Please return the data word for word and leave out any picture it contains.

Stored data
■ ■ ■ ■ ■ ■ ■

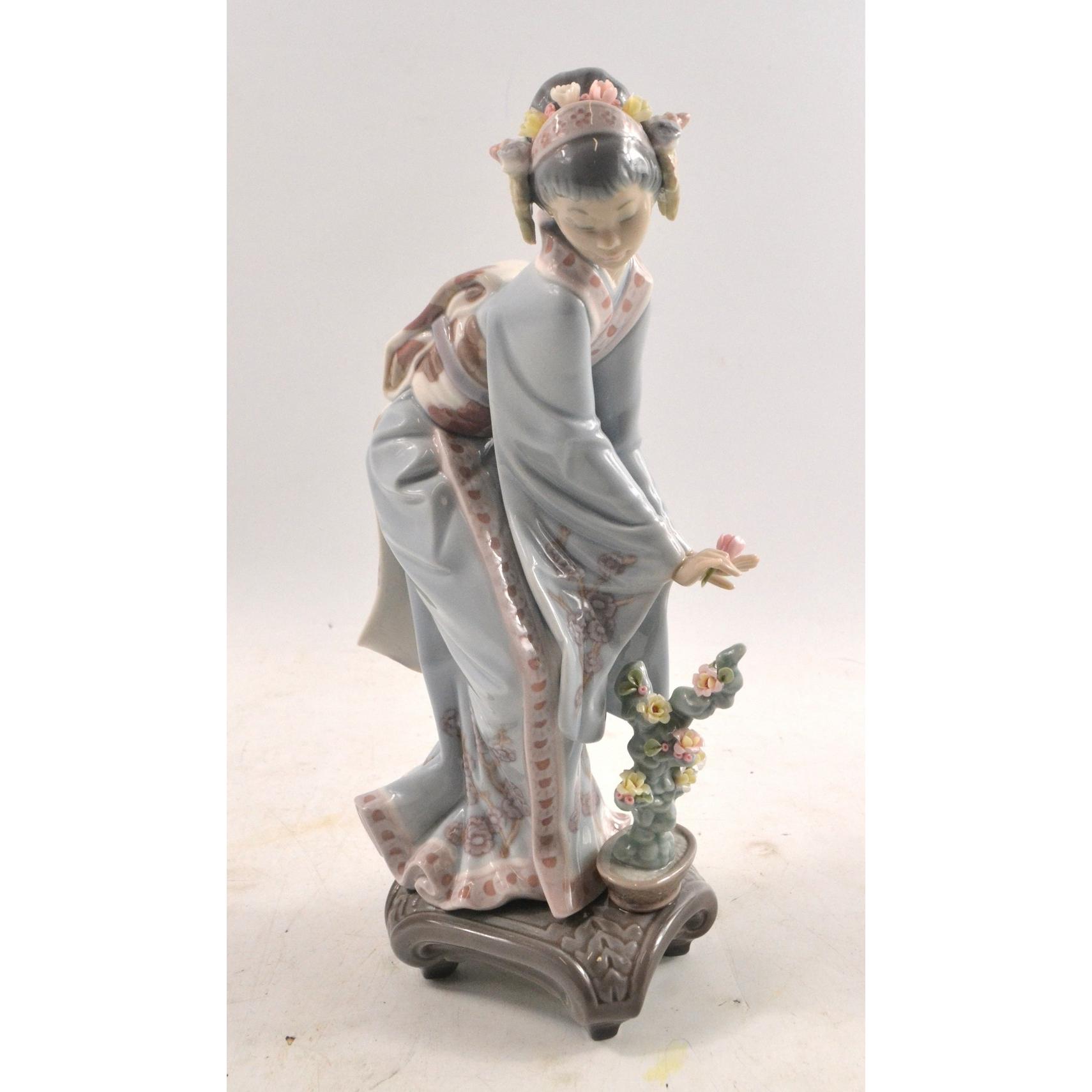 LLADRO figurine of a Young Japanese girl crouching over a Bonsai tree
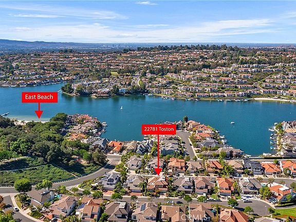 Lake Mission Viejo views at your very fingertips! Experience a true and intimate Lake living at its best! Charming and elegant one of a kind customized home with beautiful sweeping lake views and a premium location two streets off Lake Mission Viejo! Situated in the lakeside community of Andalusia on a smaller, premium, single loaded cul-de-sac street with a gorgeous private park and beach (East Beach) at one end of the street and scenic walking trails at the other end. Enter the home through the formal foyer and be greeted by the warm neutral finishes, soaring ceilings and quality fixtures. The expansive floor plan of 3,427 square feet (approx.) includes a formal living and dining room, over-sized home office and library, kitchen, family room, downstairs bedroom, master suite, and two secondary bedrooms upstairs (rare feature-three of the four bedrooms are larger than average). The chef's kitchen is the heart of this home with no expense spared in this complete remodel which includes a stunning custom craftsman high quality center island, beautiful Quartzite counter-tops, high quality stainless steel appliances, pantry, breakfast nook, and garden window with lake views. The serene master suite is private with a retreat area, fireplace and balcony overlooking the lake. The master bathroom is a complete remodel with marble counter tops and tiling, soaking tub, and custom quality fixtures. One of the crowning features of this home is the beautiful backyard with panoramic lake and city lights views, large covered patio, raised deck for outdoor dining area and an in-ground spa. The mature landscaping is unique and adds character and warmth to the home. Experience living only steps away from the lake's edge, East Beach and North Beach, shopping centers, lakeside dining and much more! Perfectly situated to face North Beach and enjoy the concerts and fireworks at the lake from your backyard! Lake Mission Viejo membership included with access to boating, fishing paddle boarding, swimming, summertime concerts, movies, holiday festivities & 4th of July firework extravaganza! This special home has been truly loved and cared for by the current owners for over 30 years. Situated in the heart of the Lake community, this is a treasure waiting to be called your home!
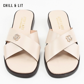 Mules pour Femme Avec Accessoire Inoxydable, Brides Croisées. Hauteur Semelle 3cm.  Hyper Confortable et Super Tendances . Pointure sur la Photo: 37.
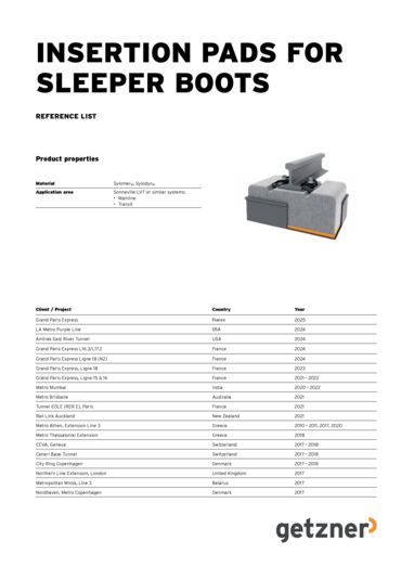 As Getzner insertion pads are available in any desired stiffness, it is perfectly possible to meet the most varied of requirements. The most frequent applications for this system are found in various types of tunnel sections.
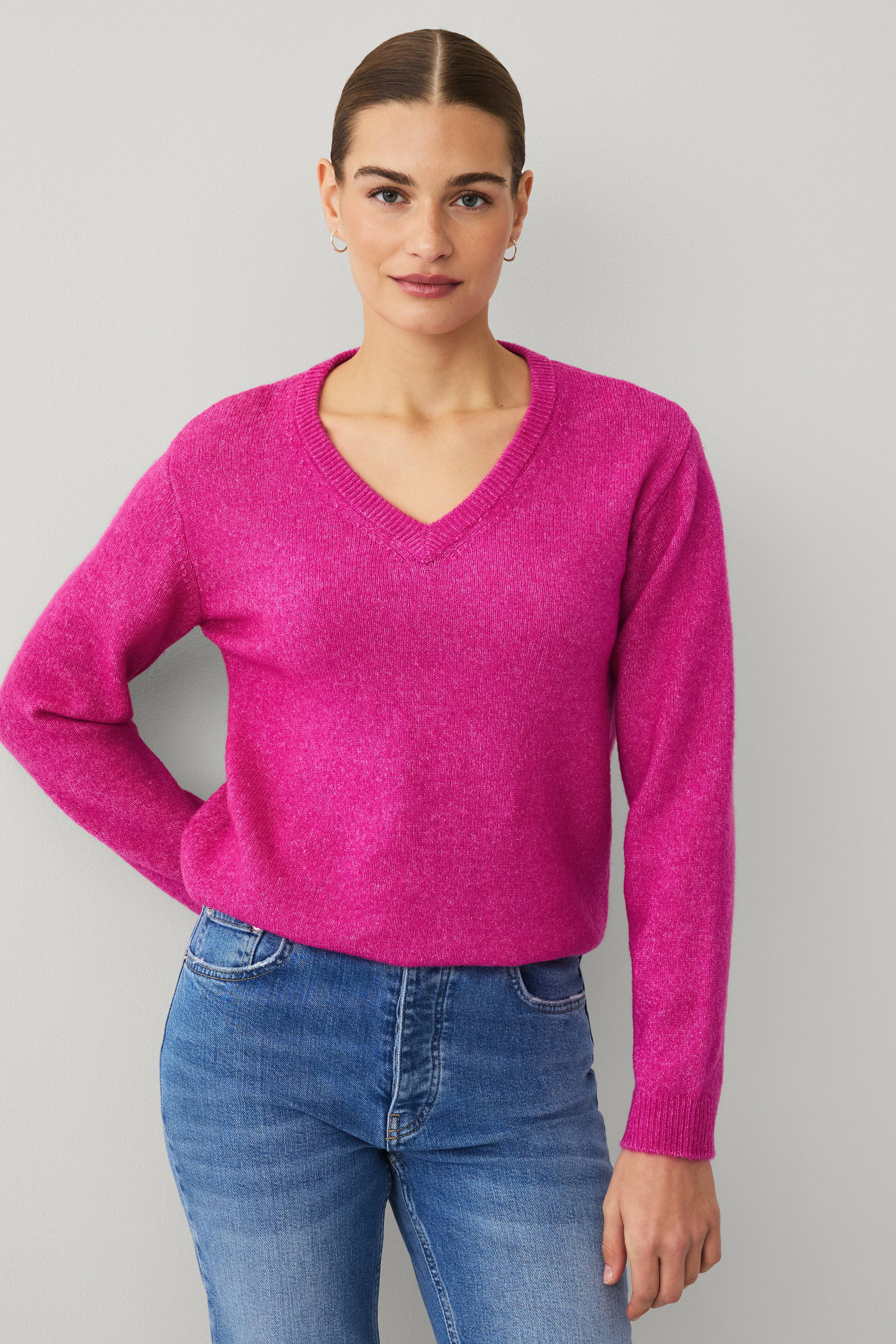 • Myk, strikket genser• V-formet hals• Utringede skuldre• Ribbestrikk i ermeslutten og på bunnen• Lengde: 62 cm i størrelse S
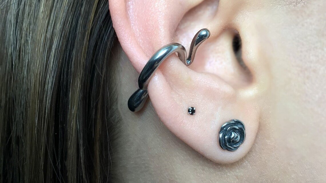 Серьга каффа без прокола "Стальная абстрактная капля" от StarfallShop
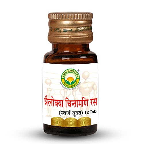 Basic Ayurveda Trailokya Chintamani Ras with Gold 12 Tablets | Ayurvedic Support for Strength & Nervous Health

■ ■ ■ ■ ■ ■ ■

» Written response:
 LLADRO figurine of a Young Japanese girl crouching over a Bonsai tree
 Lake Mission Viejo views at your very fingertips! Experience a true and intimate Lake living at its best! Charming and elegant one of a kind customized home with beautiful sweeping lake views and a premium location two streets off Lake Mission Viejo! Situated in the lakeside community of Andalusia on a smaller, premium, single loaded cul-de-sac street with a gorgeous private park and beach (East Beach) at one end of the street and scenic walking trails at the other end. Enter the home through the formal foyer and be greeted by the warm neutral finishes, soaring ceilings and quality fixtures. The expansive floor plan of 3,427 square feet (approx.) includes a formal living and dining room, over-sized home office and library, kitchen, family room, downstairs bedroom, master suite, and two secondary bedrooms upstairs (rare feature-three of the four bedrooms are larger than average). The chef's kitchen is the heart of this home with no expense spared in this complete remodel which includes a stunning custom craftsman high quality center island, beautiful Quartzite counter-tops, high quality stainless steel appliances, pantry, breakfast nook, and garden window with lake views. The serene master suite is private with a retreat area, fireplace and balcony overlooking the lake. The master bathroom is a complete remodel with marble counter tops and tiling, soaking tub, and custom quality fixtures. One of the crowning features of this home is the beautiful backyard with panoramic lake and city lights views, large covered patio, raised deck for outdoor dining area and an in-ground spa. The mature landscaping is unique and adds character and warmth to the home. Experience living only steps away from the lake's edge, East Beach and North Beach, shopping centers, lakeside dining and much more! Perfectly situated to face North Beach and enjoy the concerts and fireworks at the lake from your backyard! Lake Mission Viejo membership included with access to boating, fishing paddle boarding, swimming, summertime concerts, movies, holiday festivities & 4th of July firework extravaganza! This special home has been truly loved and cared for by the current owners for over 30 years. Situated in the heart of the Lake community, this is a treasure waiting to be called your home!
 Mules pour Femme Avec Accessoire Inoxydable, Brides Croisées. Hauteur Semelle 3cm.  Hyper Confortable et Super Tendances . Pointure sur la Photo: 37.
 As Getzner insertion pads are available in any desired stiffness, it is perfectly possible to meet the most varied of requirements. The most frequent applications for this system are found in various types of tunnel sections.
 • Myk, strikket genser• V-formet hals• Utringede skuldre• Ribbestrikk i ermeslutten og på bunnen• Lengde: 62 cm i størrelse S
 Серьга каффа без прокола "Стальная абстрактная капля" от StarfallShop
 Basic Ayurveda Trailokya Chintamani Ras with Gold 12 Tablets | Ayurvedic Support for Strength & Nervous Health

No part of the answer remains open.